Records from a dataset
---*---
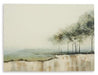 Take in the tranquil ambiance of this wall art. A muted background, in calming shades of beige, green, black and blue, gives the impression of fog rolling in. Beautifully finished with hand-painted embellishments, this peaceful landscape gives your decor a simply serene upgrade.
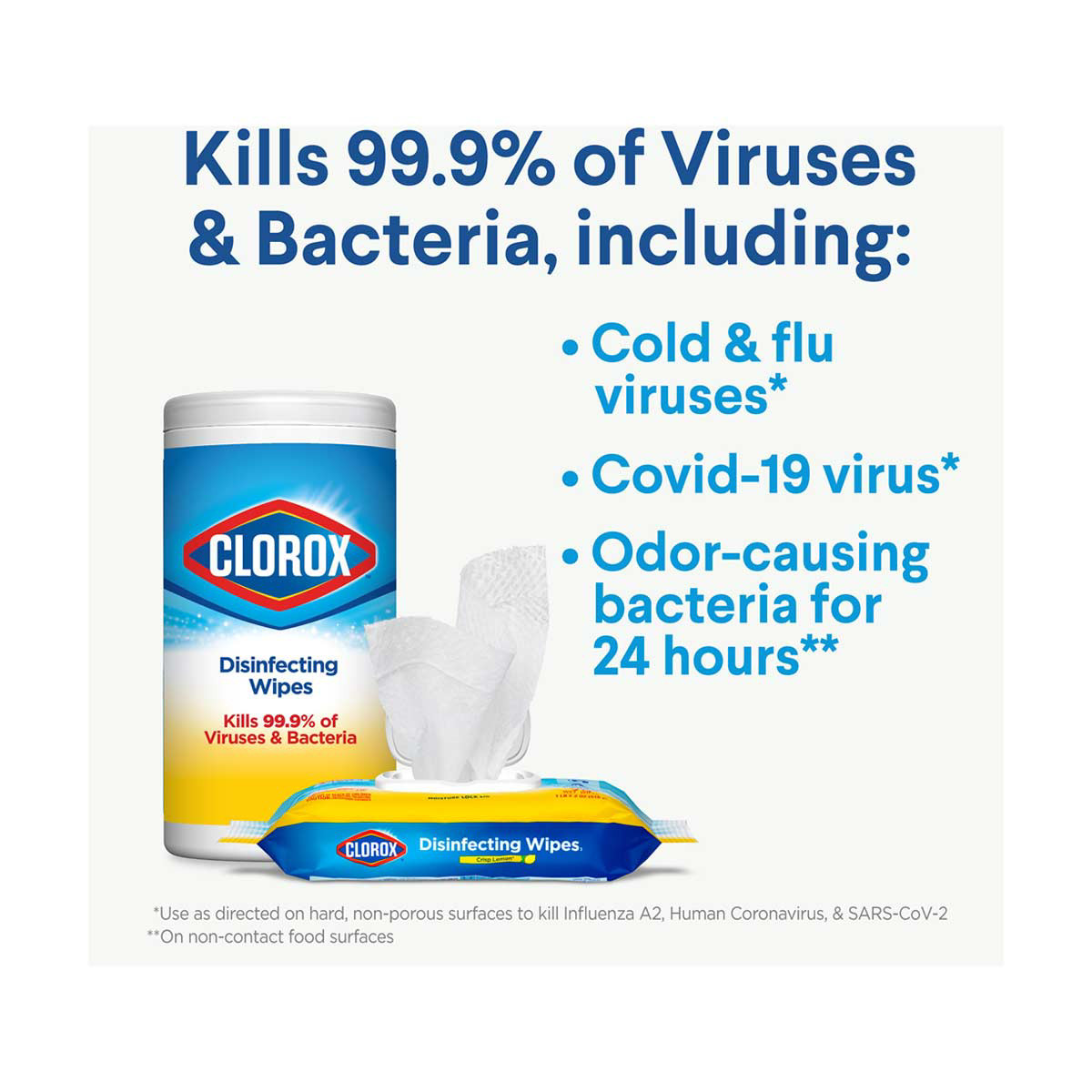 - DISINFECTING WIPES: Clorox® Disinfecting Wipes are proven to kill COVID 19 Virus* in 15 seconds; cleans and kills 99.9% of viruses and bacteria
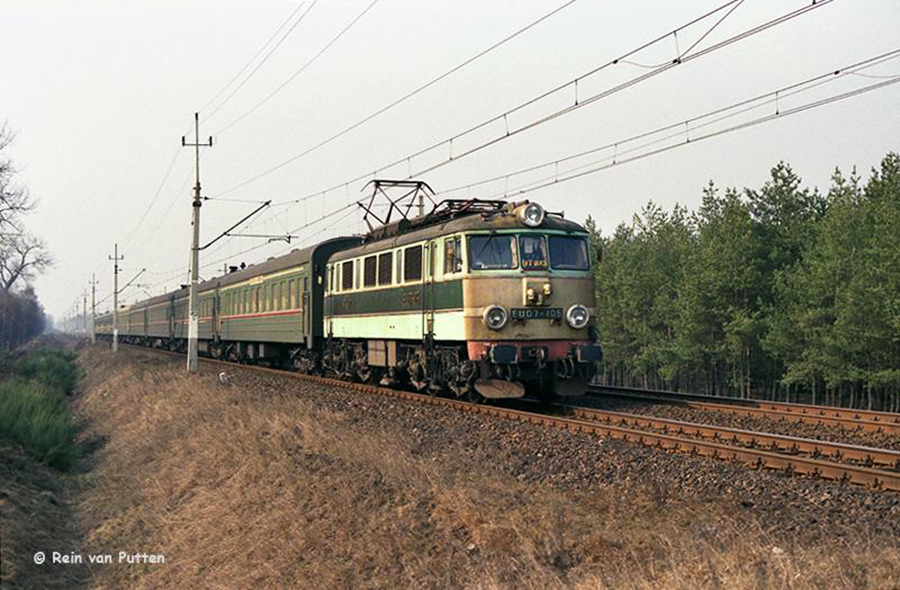 Widać przewrócony elektrowóz EU07-033, który jeszcze w tamtym czasie stacjonował w MD Franowo, wagon pocztowy SŻD, który na linii Brest - W-wa - Berlin i z powrotem obiegał jako ambulans 8 z polską obsadą a z na linii Brest - Moskwa z rosyjską i wagony bagażowy i restauracyjny DR obiegające na linii Berlin - Brest. A dalej widać wagony sypialne SŻD.
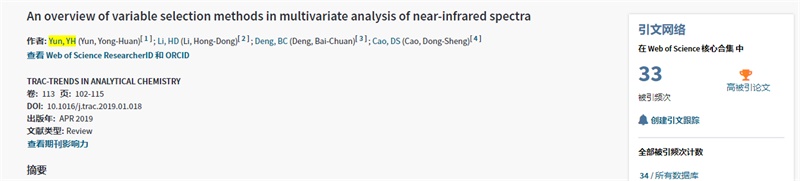该篇论文题“An overview of variable selection methods in multivariate analysis of near-infrared spectra”,于2019年4月在JCR一区分析化学top期刊《TrAC Trends in Analytical Chemistry》(2020影响因子为9.801)正式发表(https://www.sciencedirect.com/science/article/pii/S0165993618304709)。此篇论文得到国家自然科学基金(21705162)及365英国上市官网高层次人才引进科研启动项目(KYQD(ZR)-1844)的资助,这是365官网以第一单位发表的第三篇ESI高被引论文,充分证明365官网科研实力的不断提升。
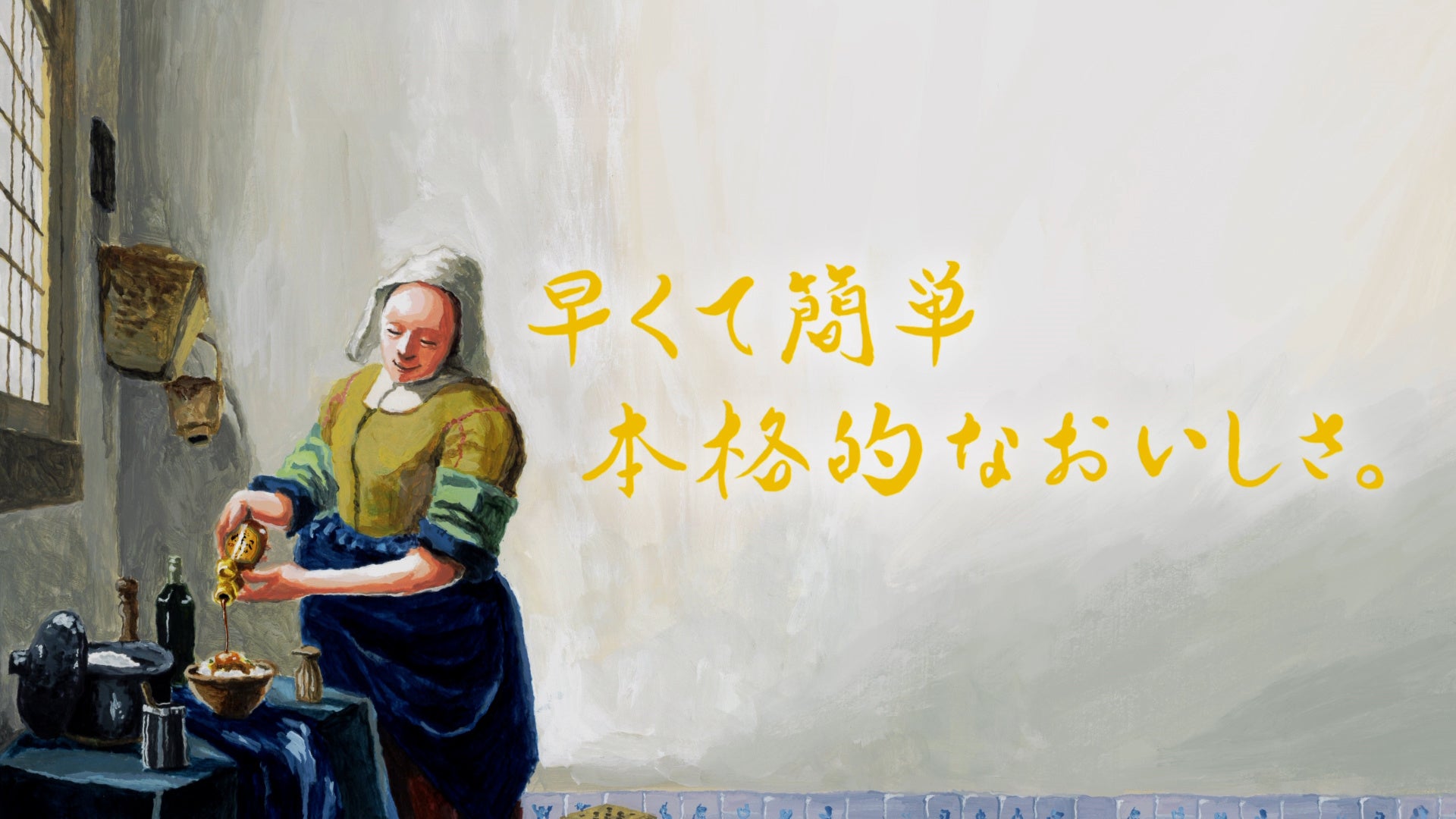 フェルメールの代表作「牛乳を注ぐ女」のオマージュ?! かどや製油WEBCM『ごま油を注ぎたい女』 7月29日(月)より放映
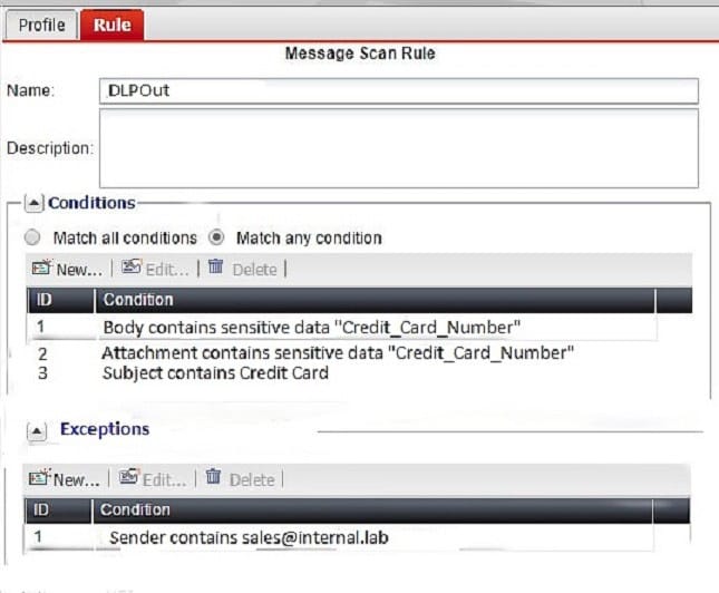 A. An email message containing the words "Credit Card" in the subject will trigger this scan rule
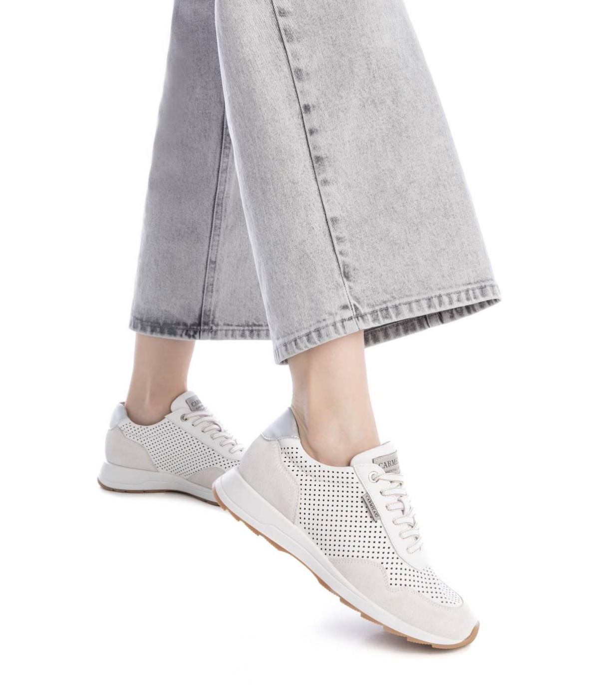 Zapatilla de mujer, marca Carmela. Fabricado en piel de alta calidad. Cierre mediante cordones ajustables para mayor comodidad. Suela gruesa dentada antideslizante. Con plantilla extraíble.
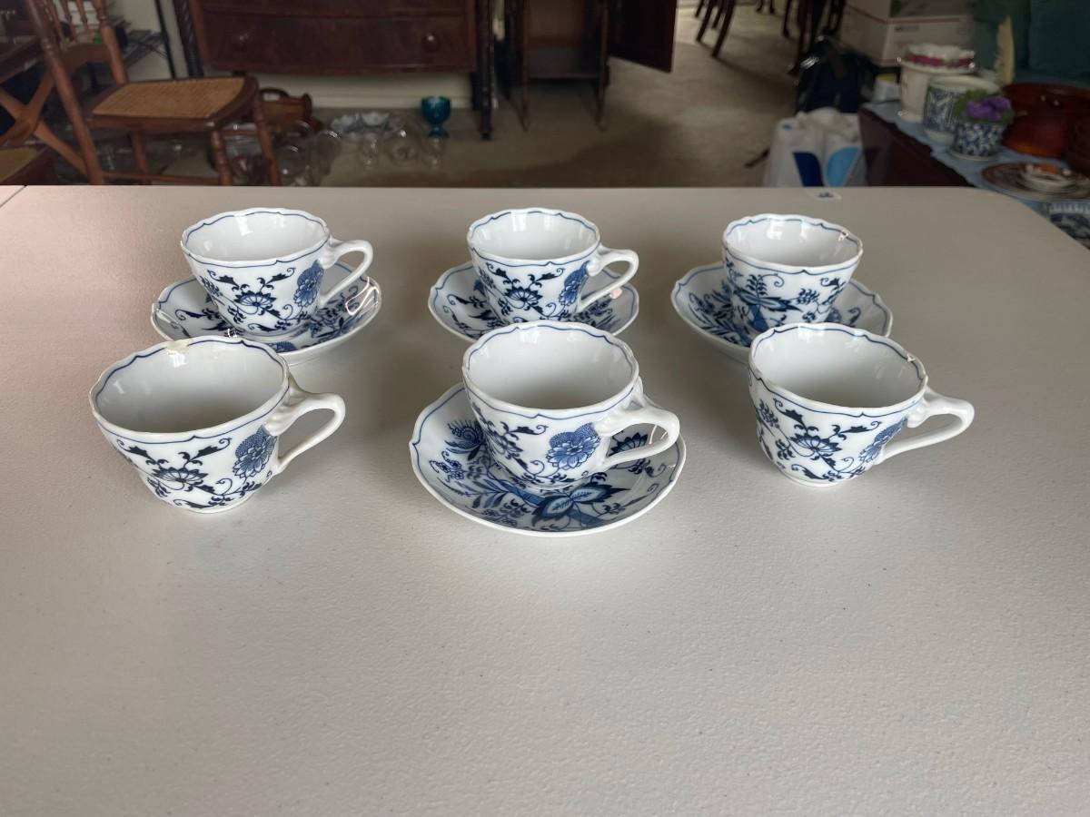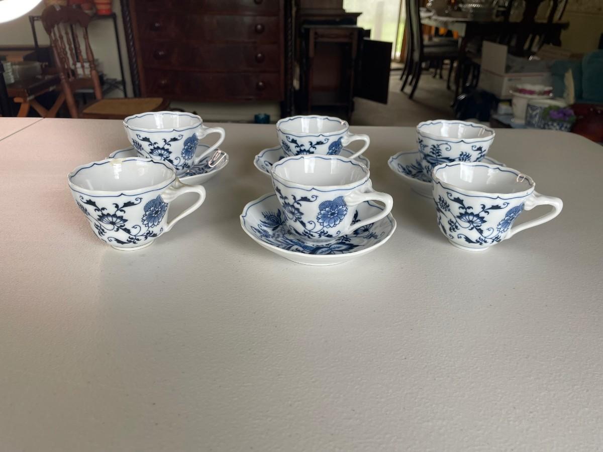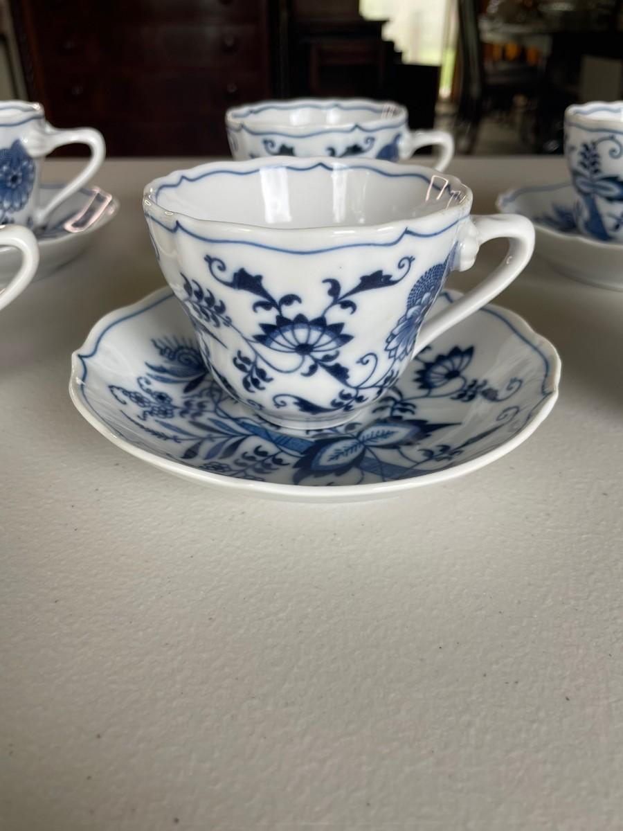 Set of 6 Blue Vintage Danube Tea Cups and Saucers
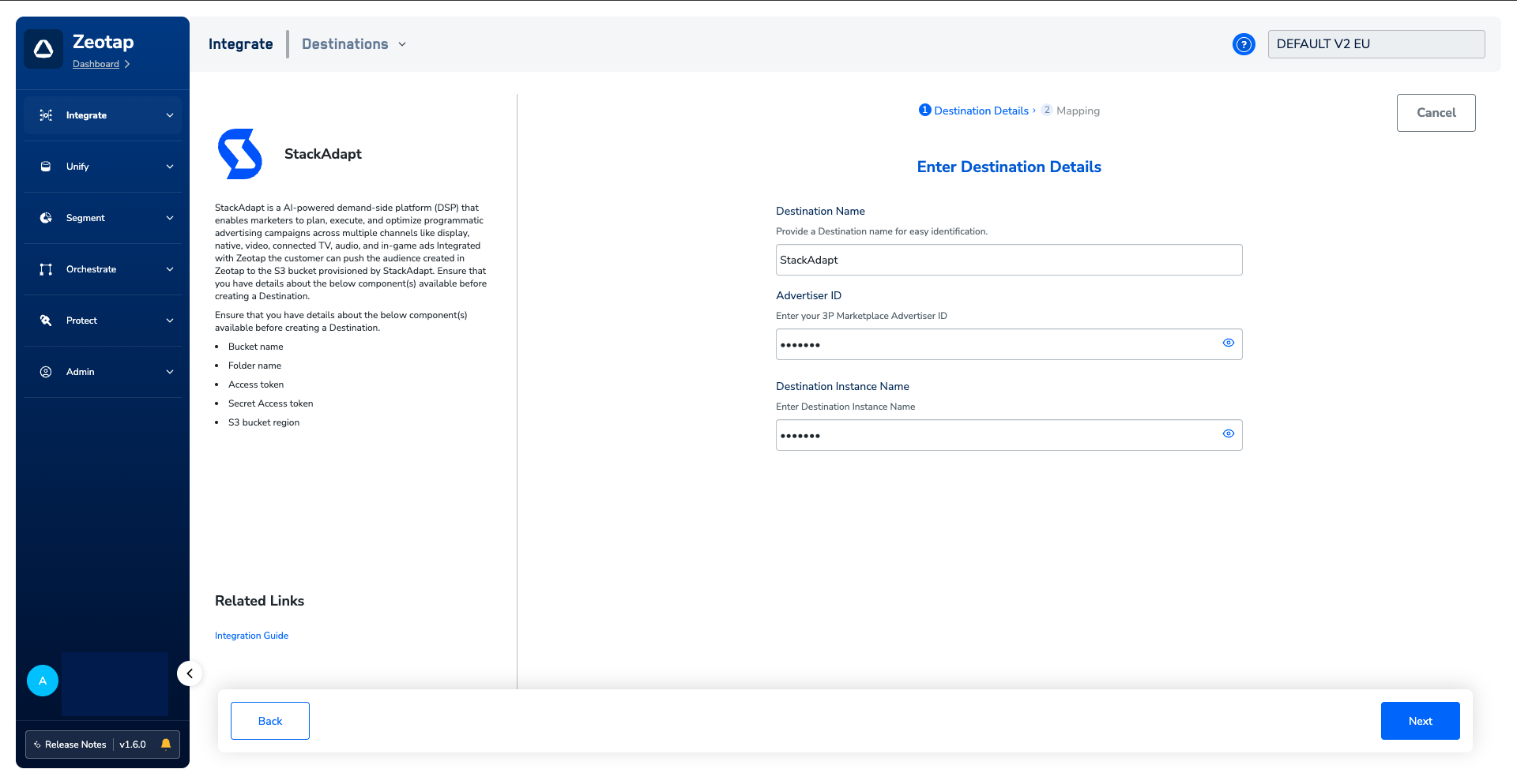 Once you have obtained the prerequisites mentioned in the above section, perform the following steps to create a Destination for StackAdapt:Click StackAdapt. A screen appears displaying details about the particular destination towards the left. On the right-hand side of the screen find a list of fields that are required for the integration to be established. Enter the required details as mentioned in the following steps:a. Enter a name for the Destination.b. Enter the 3P Marketplace Advertiser ID.
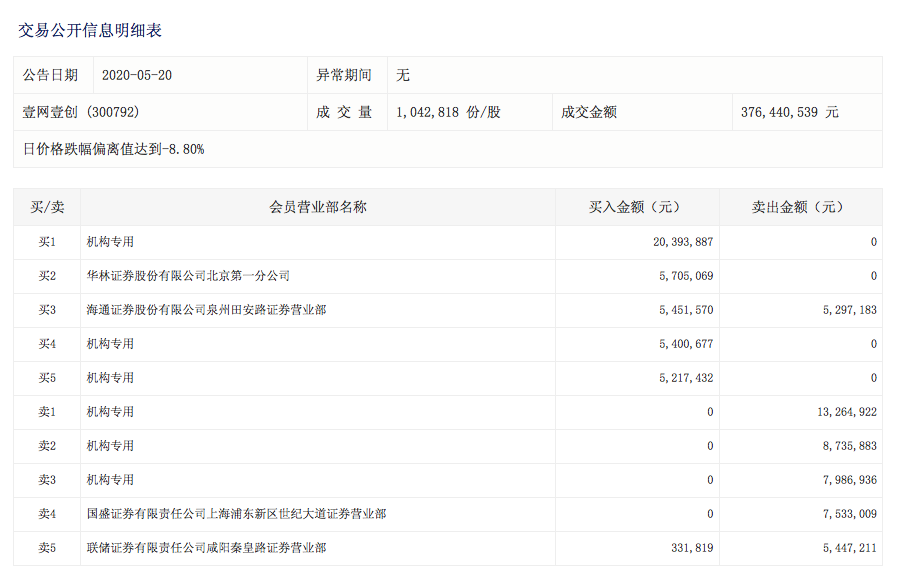 在此期间,壹网壹创曾在5月20日因日价格幅度偏离值达到8.80%登上深交所龙虎榜。盘后数据显示,机构参与明显。
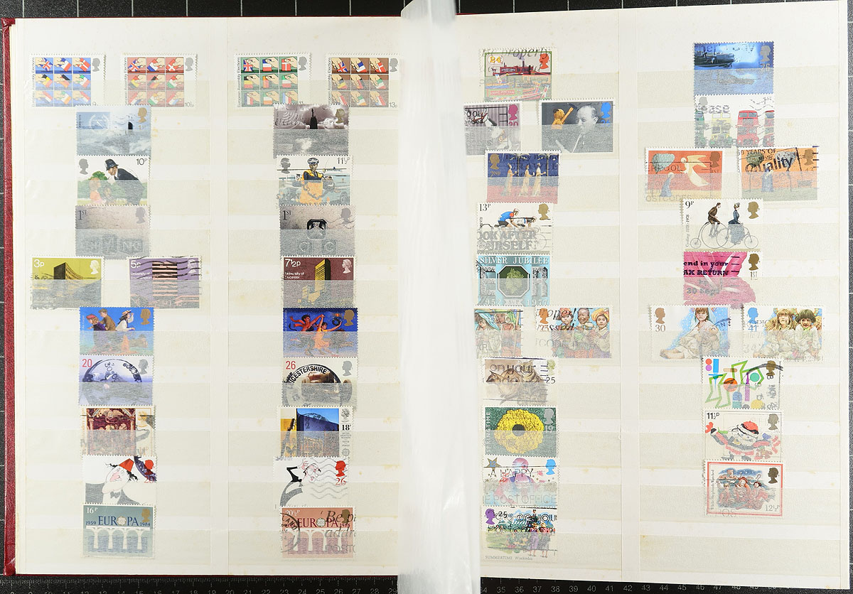 A dozen albums, binders, clutches/bundles of mostly used material from the late Victorian era to about 2012. Includes collections, accumulations, unsorted material, with mild to heavy duplication. While there is a bit of better earlier items, the majority are KGVI-QEII, with only a bit of Machin and only a bit of Regional material. There are volumes which are all definitives, others which are all commemoratives. From several different sources, each of these volumes were once a bidboard at a BC auction house, but the collector never got around to sorting these out. There are thousands of stamps and plenty of catalogue value here. There could be better items sitting here awaiting discovery, and you will have hours of fun looking. Fills a bankers box to its limit. Estimate =
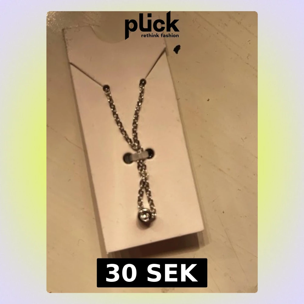 Säljer en unik silverfärgad halsband med en liten rund diamant
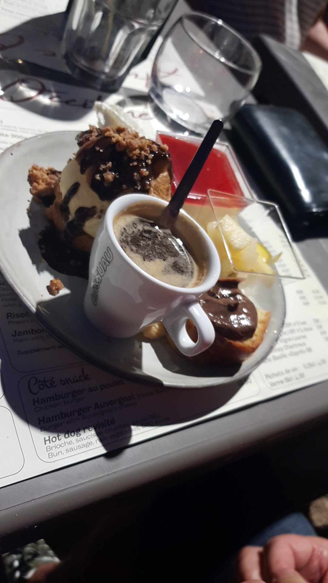 Intolérante au soleil, nous avons déjeuné dedans...éternel oubliés...le pain, l'eau...le vin....certains personnels cinglants...peut-être faut-il y aller l'hiver...
---*---
■ WHAT YOU WILL DO ■
Line by line, retype the records above exactly, minus the images.

■ ANSWER TO THIS TASK ■
 Take in the tranquil ambiance of this wall art. A muted background, in calming shades of beige, green, black and blue, gives the impression of fog rolling in. Beautifully finished with hand-painted embellishments, this peaceful landscape gives your decor a simply serene upgrade.
 - DISINFECTING WIPES: Clorox® Disinfecting Wipes are proven to kill COVID 19 Virus* in 15 seconds; cleans and kills 99.9% of viruses and bacteria
 Widać przewrócony elektrowóz EU07-033, który jeszcze w tamtym czasie stacjonował w MD Franowo, wagon pocztowy SŻD, który na linii Brest - W-wa - Berlin i z powrotem obiegał jako ambulans 8 z polską obsadą a z na linii Brest - Moskwa z rosyjską i wagony bagażowy i restauracyjny DR obiegające na linii Berlin - Brest. A dalej widać wagony sypialne SŻD.
该篇论文题“An overview of variable selection methods in multivariate analysis of near-infrared spectra”,于2019年4月在JCR一区分析化学top期刊《TrAC Trends in Analytical Chemistry》(2020影响因子为9.801)正式发表(https://www.sciencedirect.com/science/article/pii/S0165993618304709)。此篇论文得到国家自然科学基金(21705162)及365英国上市官网高层次人才引进科研启动项目(KYQD(ZR)-1844)的资助,这是365官网以第一单位发表的第三篇ESI高被引论文,充分证明365官网科研实力的不断提升。
 フェルメールの代表作「牛乳を注ぐ女」のオマージュ?! かどや製油WEBCM『ごま油を注ぎたい女』 7月29日(月)より放映
 A. An email message containing the words "Credit Card" in the subject will trigger this scan rule
 Zapatilla de mujer, marca Carmela. Fabricado en piel de alta calidad. Cierre mediante cordones ajustables para mayor comodidad. Suela gruesa dentada antideslizante. Con plantilla extraíble.
 Set of 6 Blue Vintage Danube Tea Cups and Saucers
 Once you have obtained the prerequisites mentioned in the above section, perform the following steps to create a Destination for StackAdapt:Click StackAdapt. A screen appears displaying details about the particular destination towards the left. On the right-hand side of the screen find a list of fields that are required for the integration to be established. Enter the required details as mentioned in the following steps:a. Enter a name for the Destination.b. Enter the 3P Marketplace Advertiser ID.
 在此期间,壹网壹创曾在5月20日因日价格幅度偏离值达到8.80%登上深交所龙虎榜。盘后数据显示,机构参与明显。
 A dozen albums, binders, clutches/bundles of mostly used material from the late Victorian era to about 2012. Includes collections, accumulations, unsorted material, with mild to heavy duplication. While there is a bit of better earlier items, the majority are KGVI-QEII, with only a bit of Machin and only a bit of Regional material. There are volumes which are all definitives, others which are all commemoratives. From several different sources, each of these volumes were once a bidboard at a BC auction house, but the collector never got around to sorting these out. There are thousands of stamps and plenty of catalogue value here. There could be better items sitting here awaiting discovery, and you will have hours of fun looking. Fills a bankers box to its limit. Estimate =
 Säljer en unik silverfärgad halsband med en liten rund diamant
 Intolérante au soleil, nous avons déjeuné dedans...éternel oubliés...le pain, l'eau...le vin....certains personnels cinglants...peut-être faut-il y aller l'hiver...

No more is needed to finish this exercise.